After completing my first vintage in 2001, I had to come up with a name for the wine as I couldn’t pronounce the name of the farm Rhenosterkop (“rhino head” in English).
The granite outcrop of Paarl Mountain glistens black after the rains, making Black Pearl the perfect name for a wine produced on the slopes of the mountain. And yes, Black Pearl Wine preceded the pirate movies (although I would love to sail around the world with Jack Sparrow)!
All my wines have scored 90+ points on numerous occasions at the Decanter World Wine Awards and with wine critics such as Wine Enthusiast, Robert Parker and the Platter’s Guide.
This is my core range of 3 wines, and some years I will make a straight Shiraz, Mourvèdre or Grenache.
Ripe fruit is handpicked in 18kg crates and cooled to 10° Celsius (50° Fahrenheit) overnight before sorting, destemming and a light crush the following morning. Yeast is then added to the open tanks when the wine warms up to 15°C (59°F).

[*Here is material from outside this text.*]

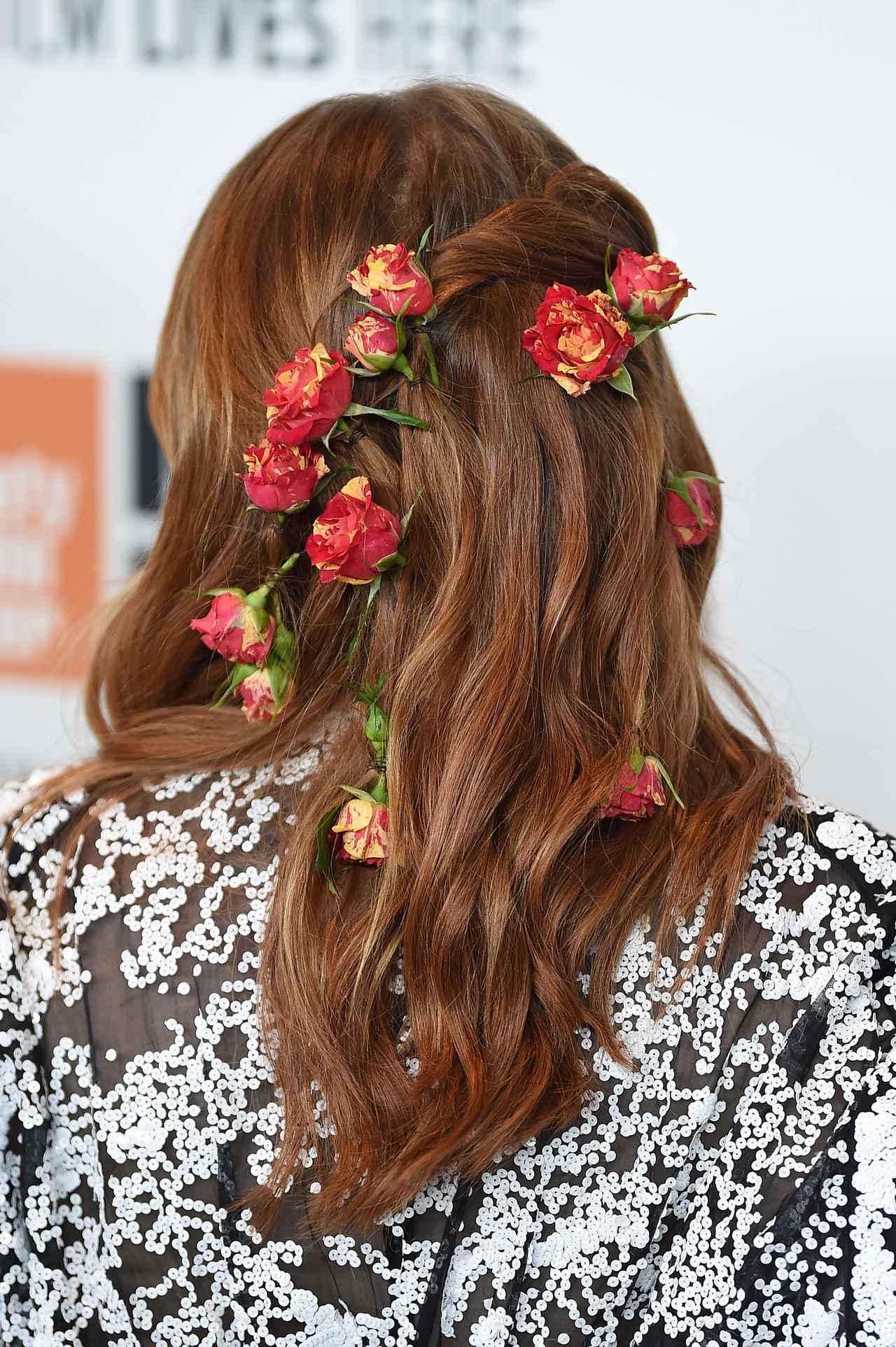 女優のエマ・ストーンは、サイドの髪からねじるようにして後頭部に止めていった髪に、花をランダムにさしていくヘアアレンジ。花の飾りは位置をずらして毛先にもゴムで止めて、甘すぎないおしゃれな仕上がり。

Once fermentation kicks in, I hand punch down the grape cap 3 times a day until fermentation nears its end. At this stage, I pump the free-run juice straight into 300 litre barrels and press the remaining skins in a traditional one ton basket press.
The wine is matured in French oak for a year. I believe that wine is made in the vineyard, and therefore I take a minimalist approach in the cellar. My aim is to produce a velvety, fruit forward wine that is delicious on release, but that will also age for a dozen more years.
The latest release is young, fresh, and exuberant. Chunky plum and dark fruit flavours with a creamy texture and a long, sappy, black-fruited finish.
It is hand-crafted in the same manner as the Cabernet and as with the Cabernet, I am trying to make wine as naturally as possible to showcase the fruit from the vineyard.
The Mischief Maker sports black savoury fruit, molasses, with a backbone of herbs. A ripe, unctuous generous palate, with high fruit intensity and great length.
We all have a mischievous friend that this wine is named after!
The grapes are harvested by hand early in the morning. After destemming and a gentle crushing, the juice is cooled for natural settling.
Fermentation takes place with yeast which develops passionfruit characteristics and a clean, high aromatic intensity. After fermentation the wine is left on the lees (the dead yeast cells) for a few months to add to the mouthfeel.
The Chenin Blanc has a fine mineral nose with a citrus freshness. The palate has zesty acidity complimented by Granny Smith apple and subtle tropical fruit flavours.
Bright and focused with a crisp clean finish, this wine shows off the varietal characters of an unoaked Chenin from the Swartland.